Era la época flaca de Cleo.

Marzo 2

“Sintiendo al fin todos mis esfuerzos inútiles y atormentándome en balde tomé la única resolución que me quedaba, la de someterme a mi destino sin pugnar más contra la necesidad. En esta resignación he encontrado la reparación de todos mis males mediante la tranquilidad que me procura y que no podía aislarse con el esfuerzo continuo de una resistencia tan ingrata como infructuosa.”

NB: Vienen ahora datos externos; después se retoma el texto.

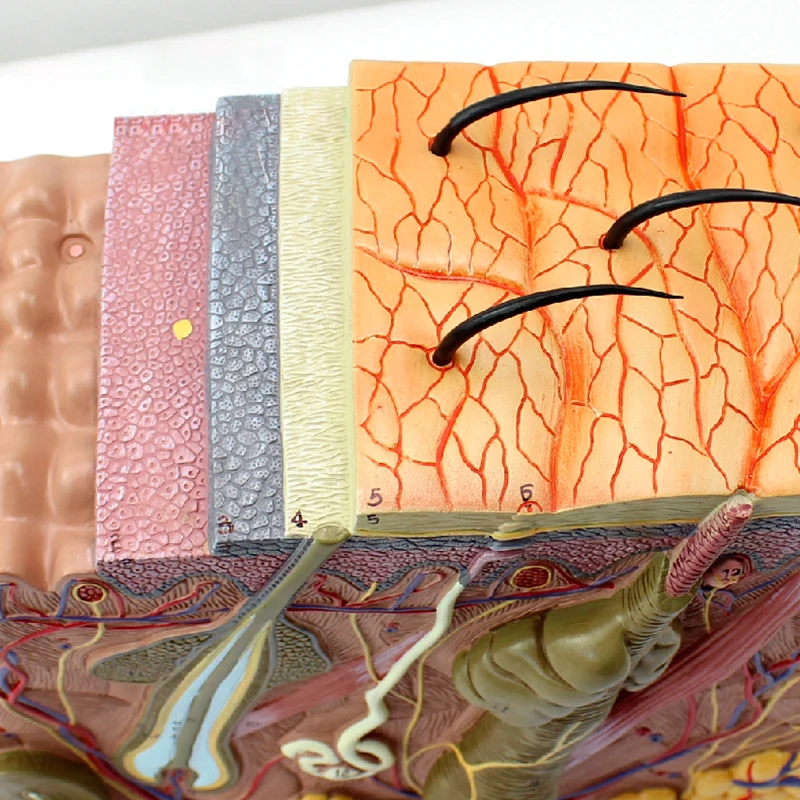 70 раз модель анатомического увеличения кожи, модель имеет подкожную клетчатку, соединенную с глубокой тканью, и показывает структуры, такие как эпидермис, ДЕРМАЛЬНАЯ ткань, подкожные ткани и добавки кожи (включая волоски, сальных желез, потовых желез и нервных окончаний). Это редкая модель для обучения и демонстрации дерматологии.

Quisiera hacer mías las palabras de Rou- sseau pero no puedo, no puedo hacerlas totalmente mías porque yo no he encontrado la forma de reparar todos mis males. Además, porque quizá Rousseau mienta. También porque mi vida es más bien una vida fácil y suelta.

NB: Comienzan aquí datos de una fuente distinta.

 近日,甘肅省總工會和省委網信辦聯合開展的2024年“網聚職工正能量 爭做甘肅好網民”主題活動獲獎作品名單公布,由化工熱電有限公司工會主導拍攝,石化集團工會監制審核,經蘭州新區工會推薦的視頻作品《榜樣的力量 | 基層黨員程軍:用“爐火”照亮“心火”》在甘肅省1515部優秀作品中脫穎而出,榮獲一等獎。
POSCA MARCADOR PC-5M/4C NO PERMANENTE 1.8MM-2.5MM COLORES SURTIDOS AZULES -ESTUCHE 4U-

Hoy son muchas las penurias que no me afligen.

Carezco de ambición y de espíritu competitivo y no me mueven grandes deseos, aparte del común deseo. Por lo demás, me basta con lo que tengo. Antes, mucho antes, estuve a punto de morir de deseo. Y me gasté.

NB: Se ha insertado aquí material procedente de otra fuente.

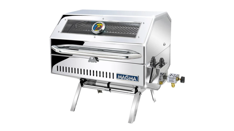 Perfect your grilling skills with Magma’s completely redesigned Catalina II Infrared Gas Grill. The perfect addition for feeding a large crew,this versatile,portable,finely crafted grill is always ready for action. New features include: an elegant exterior design,a completely redesigned combustion system that keeps the grill lit even in heavy winds,a hermetically sealed thermometer,a dependable electronic ignition system,powered by a single “AAA” battery (included),and an ultra high-temp glass viewing window. Anti-Flare Infrared technology produces intense,evenly distributed heat,eliminating Flare-Up and immediately emulsifies drippings giving your meal a great smoky flavor. The primary and secondary grilling surfaces give you the option of searing,slow cooking,or warming. Constructed entirely of 18-8 mirror-polished stainless steel to withstand even the harshest environments. Equipped with fold-away table top legs for go-anywhere use. Its fuel efficient swiveling control valve,attaches to,pre regulated,low pressure propane (LPG) fuel systems or can be adapted for use with 1lb. disposable propane fuel canisters or natural gas (CNG) fuel systems. Magma offers the largest selection of mounting options (sold separately) to customize the grill for your needs. Heavy Duty mounting hardware is recommended. Fuel canister and serving tray (not included).Not sure which grill is right for you? Check out our GRILL COMPARISON GUIDE.![]()
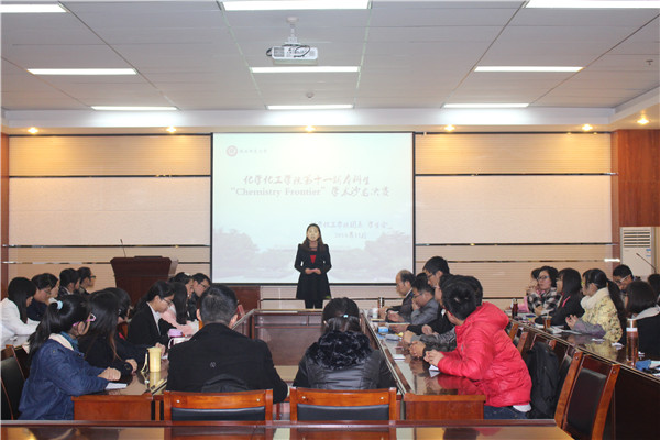 为进一步激发英国365集团公司本科生的科研兴趣,培育学生的科学精神,促进学生专业研究能力的提升,英国365集团公司于2014年11月25日晚7:00在致知楼1668与1568两个会场举办了第十一期本科生“Chemistry Frontier”学术沙龙。“Chemistry frontier ”学术沙龙是英国365集团公司传统学术型学生活动,是提高学生科研创新实践能力、培养良好科研习惯的重要平台。在此次活动中,陈亚芍教授、张国防教授、杨鹏教授、岳宣峰副教授和黄治炎副教授应邀出席本次活动担任评委,两个会场的活动在主持人赵家慧、李茜的主持下同时进行。

Lo miro a Bastidez y pienso: pobre alma gorda y afligida, esclava del hambre, sometida a la voracidad y a los motociclistas jóvenes que le sacan el dinero a los apurones y en los baños inmundos. No tiene reposo, no lo tiene: es una doble boca que traga sin cesar y sus ojos lloran inconsolables. Porque además desea la gloria, la fama terrena y la notoriedad futura, y odia, odia desesperadamente a sus patrones. Vive, si se quiere, apasionadamente, pero en la pasión de la miseria.

El mes pasado estuvo una semana en cama. Fui a verlo. Me recibieron sus hermanas, las señoritas Bastidez: “Pase, Saurat, pase. Allí está, el pobre. Se alegrará al verlo”. Los ojos hinchados, los párpados rojizos y azules por los golpes recibidos, un diente de menos, un brazo, el izquierdo, vendado.

“Voy a vengarme –gruñía–, voy a matarlos, a denunciarlos.” Lloraba. Traté de consolarlo, pero no es fácil. Al irme, me dijo: “Es todo un error...” ¿Un error? pregunté. “Sí –dijo–, mi vida es un error.”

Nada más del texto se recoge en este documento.